Lagarde: Governments need to fix the roof
Many reforms have been conducted in the UAE, but many other countries in the region did not ‘fix the roof’, IMF chief says
Dubai: Countries should not focus on the recent market slump but on the imperative of change going forward and the need to “fix the roof”, said Christine Lagarde, managing director, International Monetary Fund (IMF) during the sixth World Government Summit (WGS).
The major share index in the United States fell 10 per cent from the recent high, which analysts call a correction, resulting in erosion of more than $5 trillion in market value. The decline in share prices was triggered by concerns of a faster than expected rise in rates due to inflation.
Speaking during a session titled “Using the Global Recovery to Create a Fairer World”, Lagarde said it is not too late for some deep-seated reforms to be made before the next financial crisis comes around, but it’s crucial to take the right steps while the “sun is still shining.”
The IMF last month revised its forecast for world economic growth in 2018, and 2019, saying that sweeping US tax cuts will boost investments in the US. The IMF forecast global growth of 3.9 per cent for this year and next year, a 0.2 percentage point increase from its October estimates.
“I would not focus on what happened the last few days but on the imperatives of change going forward and the need to the fix the roof,” she said.
She said in the UAE, that has been anticipated in due course. “Many reforms have been conducted in the UAE, but in the region there are countries that had plenty of time to fix the roof but haven’t done it. They now say they wished they had fixed the roof. It’s much more critical now and for some of them it’s very urgent to fix the roof,” she said.
Lagarde’s session was attended by His Highness Shaikh Mohammad Bin Rashid Al Maktoum, Vice-President and Prime Minister of the UAE and Ruler of Dubai, and Indian Prime Minister Narendra Modi.
Lagarde highlighted the importance of regulating activities and not entities, and on a cross-national basis, which is crucial to anticipate where the next crisis will come from.
“I think we need to shift to regulation of activities not entities, because it’s not going to be about banks or insurance. We need to anticipate where the next crisis will come from, will it be the shadow banking, will it be crypto currencies rising to the sky. Money knows no boundaries.
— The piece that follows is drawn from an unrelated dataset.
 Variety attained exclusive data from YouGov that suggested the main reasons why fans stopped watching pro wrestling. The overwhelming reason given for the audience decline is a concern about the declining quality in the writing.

It moves around, and those regulatory environment needs to be agreed internationally,” she said.
She also pointed out that waiting for the crisis to come makes it far more difficult to resolve.
“You need the courage to explain what you’re doing [as a country]. Whether you are raising VAT because you are shifting to a new business model or whether you are doing structural reforms of another kind, you need that courage,” she said.
The UAE and Saudi Arabia implemented VAT from January 1, making them the first among their Gulf peers to implement a pioneering reform and the UAE has no plans to increase the tax any further.
Lagarde referred to the UAE saying: “Look what’s been done in the emirate, VAT is now in place since January 1, nobody likes it, but if you ask people do you like security, nice roads, public education, good hospitals, people will say yes, and that needs to be financed and transitioned to another model where the sources of revenue have changed.”
Highlighting the need to focus on youth, she said 60 per cent of the population are under 25 years old and a third are either unemployed or without training, while 40 per cent believe societies won’t offer them jobs.
“We need to focus our minds on such things, which are not just today’s problem but tomorrow’s problem as well. With five million new young people coming into the market every year for the next five years, artificial intelligence and the internet of things shouldn’t be geared towards billionaires but should be introduced in our economies to support the children of tomorrow.”